After looking at Baby, Mrs. Gackstetter and Mrs. Vorlob went to the kitchen to smoke cigarettes and drink coffee, and Denise went with Adine to Adine's room to draw. Denise usually drew pictures of animals (horses being her favorite). Adine usually drew pictures of families and made up names for each person. She neatly lettered their names along the bottom of each drawing.

“That's a nice horse,” Adine told Denise.

“Thanks. It's supposed to be an Appaloosa,” Denise said. She pointed to the fancy dress Adine had drawn on one of her people. “I like that outfit.”

Next, Adine drew a picture of some of her mother's flowers. Denise drew a picture of a baby. She held it up to show Adine. “I asked my mom if we could have a baby. She said having one baby was enough for her. You're lucky, Adine. My mom says she doesn't know how your mom does it.”

“But sometimes it must be nice to have it be just you and your mom and your dad.”

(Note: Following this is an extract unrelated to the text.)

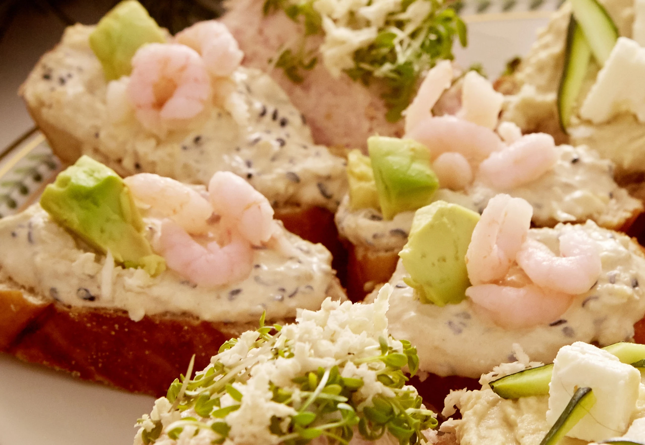 Brotscheiben mit dem Aufstrich bestreichen und mit Avocadostücken und Shrimps garnieren.

Denise shrugged. “Sometimes they watch me too much and check on me every five minutes. Like
I'm
a baby.”

Adine thought that getting that much attention might be nice. Adine also thought that being an only child would minimize the wear and tear on her felt-tip markers. Bernice and Carla often used Adine's markers without asking, and they had a tendency to press too hard, squashing the tips and fraying them. Sometimes, they even left the caps off, drying them out. Denise's markers, it seemed to Adine, were always pointy and sharp, the colors vibrant.

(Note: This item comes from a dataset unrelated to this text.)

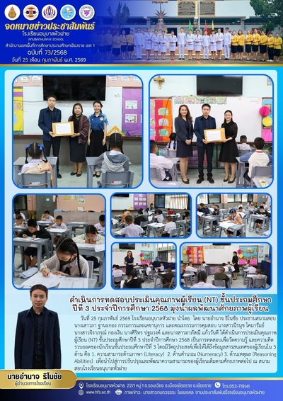 ฉบับที่ 73/2568 วันที่ 25 ก.พ. 69 ดำเนินการสอบประเมินคุณภาพผู้เรียน (NT) ชั้น ป.3 ปีการศึกษา 2568
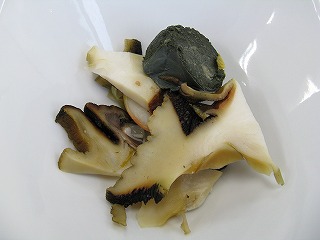 チョウチンマチと夜光貝の刺身も付いた。 | さらに、夜光貝の口の部分と肝も 出してくれた。 みんな、ま〜さんま〜さん! |

They drew separately and silently until they collaborated on a drawing of Gary Wilker. Adine drew his head twice as large as it should have been and colored it red. Denise drew his body twice as small and colored it green. They gave him elephant ears, duck feet, and pimples everywhere they could fit them.

The drawing of Gary Wilker reminded Adine of her drawing of Aunt Irene. Adine had hidden all of the drawings and signs in her closet under a box of old toys. When Bernice and Carla had asked how Aunt Irene had reacted, Adine had simply said, “She didn't say anything.” Adine couldn't tell her sisters that she had chickened out, that Aunt Irene had never even seen the drawings.

For days after, Bernice and Carla kept trying to lure Aunt Irene into talking about the drawings.

“Do you think we're good drawers, Auntie?” Carla asked in a sugary voice.

“Do older people ever find anything under their pillows, Aunt Irene?” Bernice asked with a theatrical air. “You know, like things from the tooth fairy or someone?”

Aunt Irene obviously never gave them the answers they wanted. And obviously, Carla's scheme didn't drive Aunt Irene away.

Adine felt guilty about the picture of Aunt Irene all over again, but not about the one of Gary Wilker.

Denise and Adine giggled until they laughed. And they laughed until they got hiccups. Adine got up and shut her bedroom door, to keep things quiet for Baby. They broke into laughter again, loud and long.

“Whose is
that
?” Denise asked, gesturing to one of Aunt Irene's chiffon cat blouses hanging by a hook on the back of Adine's door.

“My aunt's,” Adine mumbled.

“It's gross.”

“It's not
that
bad,” Adine lied. She hated it. The blouse was yellow. A big black cat with an arched back and olive eyes wrapped itself around the blouse, from the front left-hand pocket, across the back, to the front right-hand pocket.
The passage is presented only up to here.